Responsibilities and Accountabilities
The role is accountable for:
• Updating EU CP documents with Brexit related updates
• Provision of labelling support for products registered via EU centralised procedure in accordance with EMA and GSK guidelines and deadlines.
• Assuring quality and consistency of labelling documentation.
• Supporting GRA-labelling processes and systems in accordance with GSK policies and procedures.

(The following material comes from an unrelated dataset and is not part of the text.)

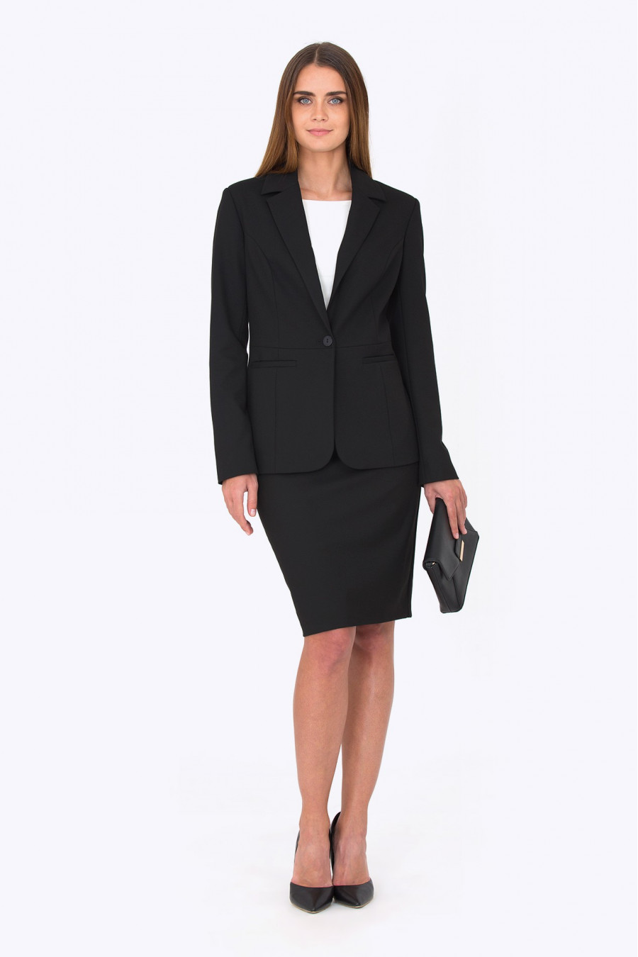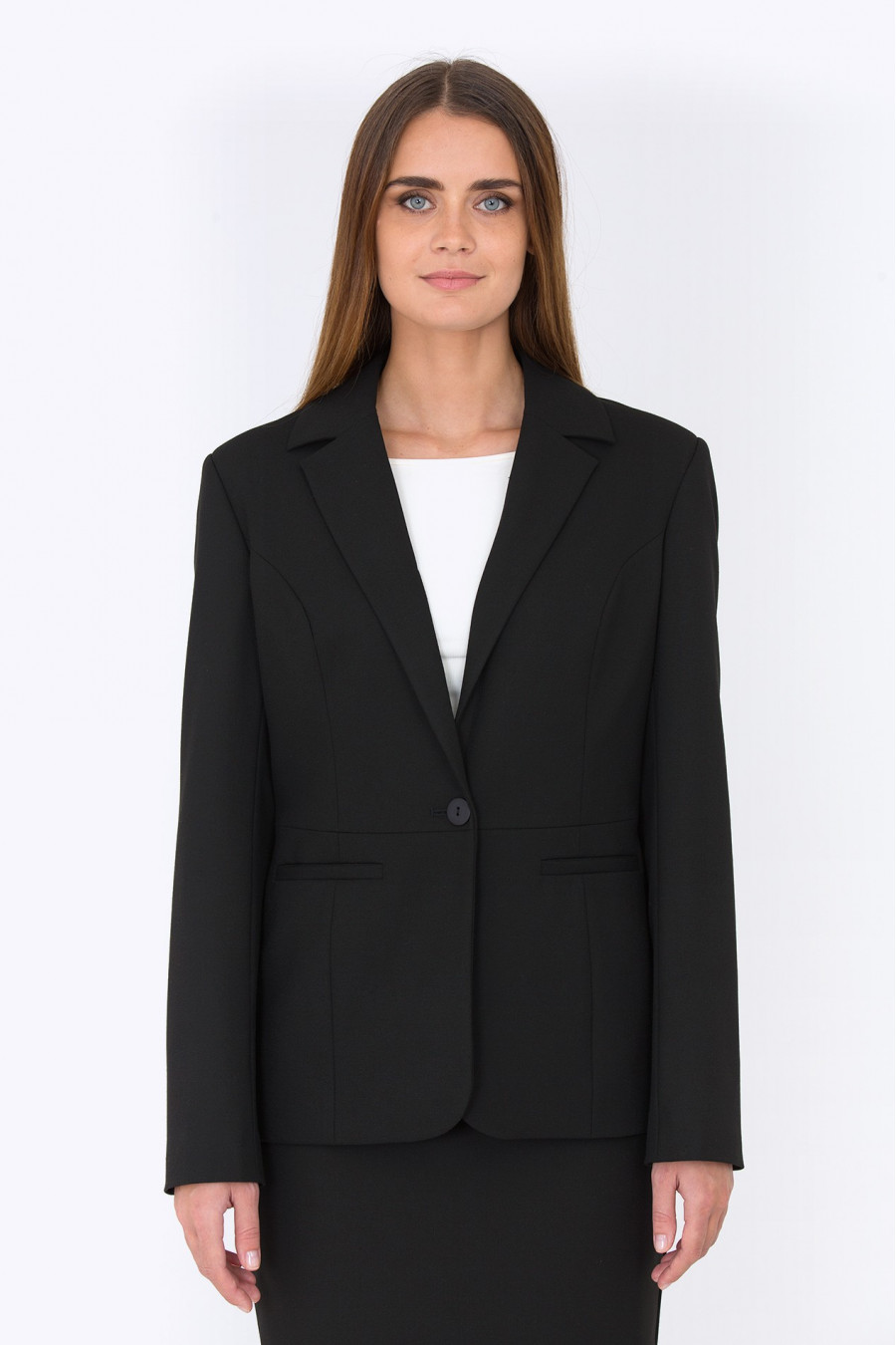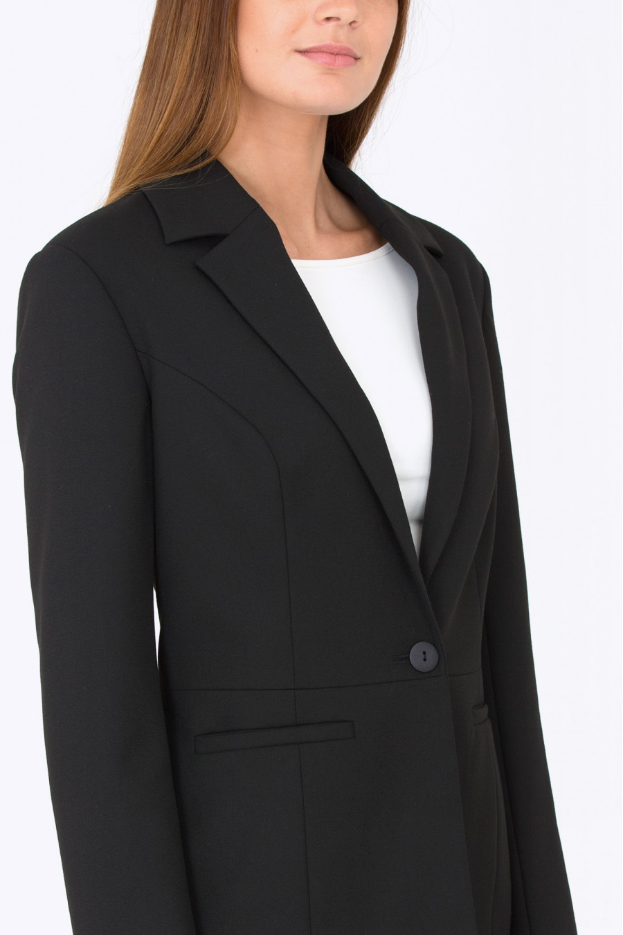Элегантный удлиненный жакет с лацканами. Ткань костюмная черного цвета. Рукава длинные, спереди - удобные функциональные кармашки. Застегивается на одну пуговицу, есть подкладка из полиэстера. Универсальная модель для осеннего сезона, хорошо сочетается как с классическими юбками, так и с брюками. Визуально вытягивает силуэт.

Dependent of the level of experience, this role may require:
• Provision of labelling support for products registered via EU centralised procedure in accordance with EMA and GSK guidelines and deadlines, including support for LOCs and management of product information annexes during the EU linguistic review process.
• Management of GRA Labelling data and documents in regulatory systems such as OPAL and IMMS, Veeva Vault, together with upload onto other GSK systems.
• Provision of support for GRA Labelling staff in their role to develop and maintain Global PI for Prescribing/Patient/Packaging Information, and their support for regional and country product information (prescriber and patient), primarily in the EU and APJEM markets.
• Management of the development and maintenance of EU CP and MR/DCP labelling documents and IPI throughout the product lifecycle.
• Awareness and application of relevant pharmaceutical regulation and new guidelines/policies relevant to product information. Participation in other projects and activities, such as contributing to the implementation of changes to processes within GRA Labelling.
• Participation in mandatory training and completion of the training records.
• Experience of supporting products registered via the European centralised procedure.
• Experience of working with and amending EU Annexes
• Experience and familiarity of working within documentum databases, lotus notes databases, Veeva Vault and team sites.
• Familiarity with entry, tracking and registration data management systems would be beneficial.
• Excellent communication skills – internal and external stakeholders
• Attention to detail
• Excellent prioritisation, organisation skills and time/work load management
• Data entry skills
• Team working skills
• Document management skills
• Ability to understand and utilise different systems and databases.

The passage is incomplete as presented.